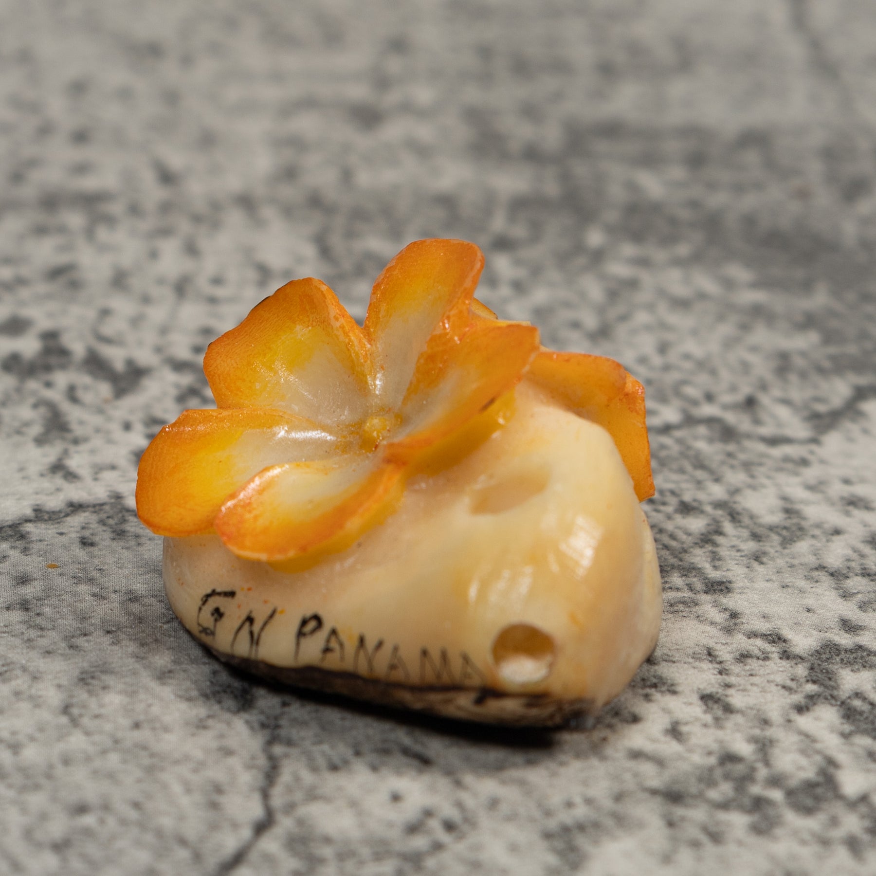 Hand carved from sustainably harvested tagua nut, often called “vegetable ivory”, this charming Flower celebrates the rich biodiversity of the Latin American rainforest. Each small sculpture is created by skilled artisans in Panama who carefully shape and polish the natural nut before bringing the animal to life with detailed hand painting. Every piece is made by our artisan partners for TraderBrock, helping support traditional craft and fair, long term relationships with local makers.
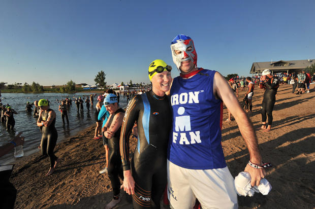 Leanda Cave gets a hug from the very large Ironman Fan mascot before the start.
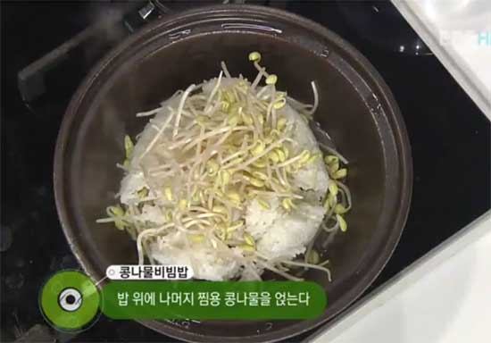 최근 온라인 커뮤니티에는 '콩나물 비빔밥 만드는 법'황금레시피가 소개됐다. 공개된 콩나물 비빔밥 만드는 법에 따르면 먼저 쌀을 깨끗이 씻어 30분 정도 불려 놓는다. 이어 콩나물을 다음어서 씻은 다음 밥 위에 올리고 취사를 한다.
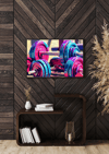 This is a photograph of a gym or fitness facility showing a collection of dumbbells arranged on what appears to be a rack or storage system. The dumbbells feature colorful weight plates in vibrant hues including pink, blue, and other bright colors, which gives the equipment a modern, energetic appearance rather than the traditional black or silver found in many gyms.

WHAT THIS TASK INVOLVES
A faithful, picture-free copy of the material is what this task asks for.

EXERCISE OUTPUT
 Hand carved from sustainably harvested tagua nut, often called “vegetable ivory”, this charming Flower celebrates the rich biodiversity of the Latin American rainforest. Each small sculpture is created by skilled artisans in Panama who carefully shape and polish the natural nut before bringing the animal to life with detailed hand painting. Every piece is made by our artisan partners for TraderBrock, helping support traditional craft and fair, long term relationships with local makers.
 Leanda Cave gets a hug from the very large Ironman Fan mascot before the start.
 최근 온라인 커뮤니티에는 '콩나물 비빔밥 만드는 법'황금레시피가 소개됐다. 공개된 콩나물 비빔밥 만드는 법에 따르면 먼저 쌀을 깨끗이 씻어 30분 정도 불려 놓는다. 이어 콩나물을 다음어서 씻은 다음 밥 위에 올리고 취사를 한다.
 This is a photograph of a gym or fitness facility showing a collection of dumbbells arranged on what appears to be a rack or storage system. The dumbbells feature colorful weight plates in vibrant hues including pink, blue, and other bright colors, which gives the equipment a modern, energetic appearance rather than the traditional black or silver found in many gyms.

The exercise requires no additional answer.